CHIEF AUTHORITIES FOR CHAPTER XII

The literature that has grown up both in Russia and elsewhere round Tolstoy's earlier writings is so voluminous, that I can merely indicate a few of the best known works.

In English we have:

Matthew Arnold's essay: Count Leo Tolstoi in Essays in Criticism, Second Series: Macmillan and Co., London.

W. D. Howells has written several very readable and excellent essays on Tolstoy. I have unfortunately mislaid my note of them. If any American admirer of W. D. Howells will supply me with a list, I shall be glad to include it in any future edition of this work.

P. Kropotkin's Ideals and Realities in Russian Literature gives a very good idea of Tolstoy's general influence and relation to Russian life and literature generally.

In Russian:

Mihaylovsky's articles in his collected works are interesting.

N. Strahof's Krititcheskiya Statyi o Tourgeneve i Tolstom, Petersburg, 1895, is excellent.

V. Zelinsky's Rousskaya Krititcheskaya Literatoura o proizvedeniyakh L. N. Tolstovo (7 vols.) reprints a large collection of Russian criticisms on Tolstoy's works.

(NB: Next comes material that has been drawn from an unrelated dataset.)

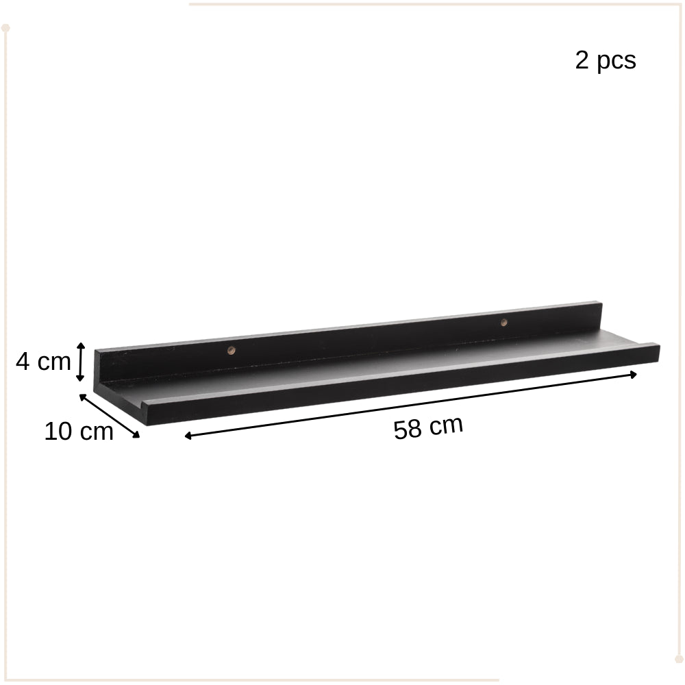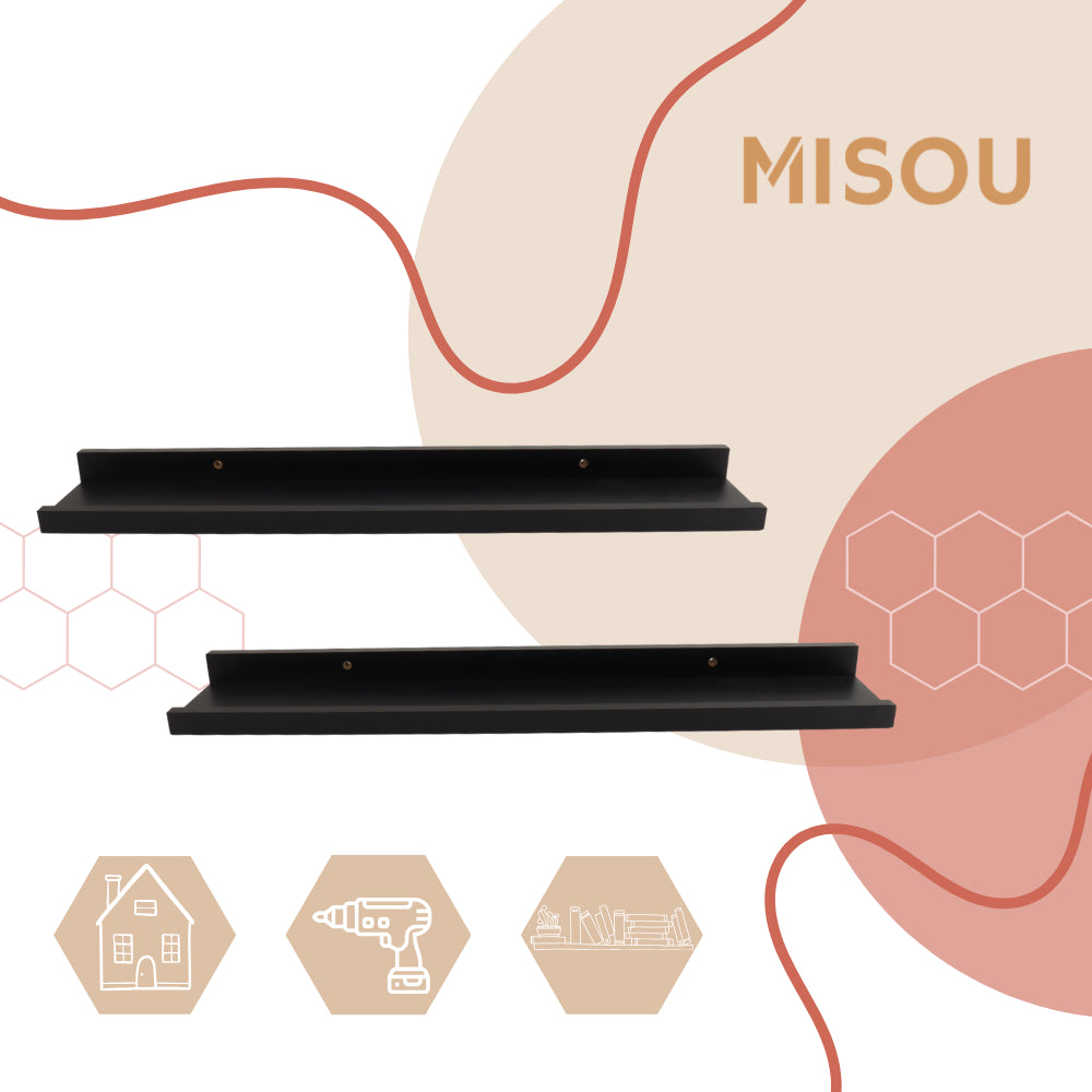 Ontdek de MISOU zwevende wandplanken, een stijlvolle toevoeging aan elk interieur. Gemaakt van duurzaam MDF in elegant zwart, elke plank meet 58x10x4cm. Perfect voor het tentoonstellen van foto's, boeken of decoratieve items. Eenvoudig te monteren en zwevend ontwerp voor een moderne uitstraling.

D. S. Merezhkovsky's Zhizn i tvortchestvo L. N. Tolstovo i Dostoyevskavo contains some acute literary criticism, but for all that relates to Tolstoy as a man, it is worse than useless. Merezhkovsky did not know Tolstoy personally when he wrote about him. He relied on the works of Behrs and Anna Seuron, and even that scrappy information he used unfairly. His talk about scents and fine linen, and in general his whole characterisation of Tolstoy, is spiteful, and to those who know the man attacked, it is merely ridiculous.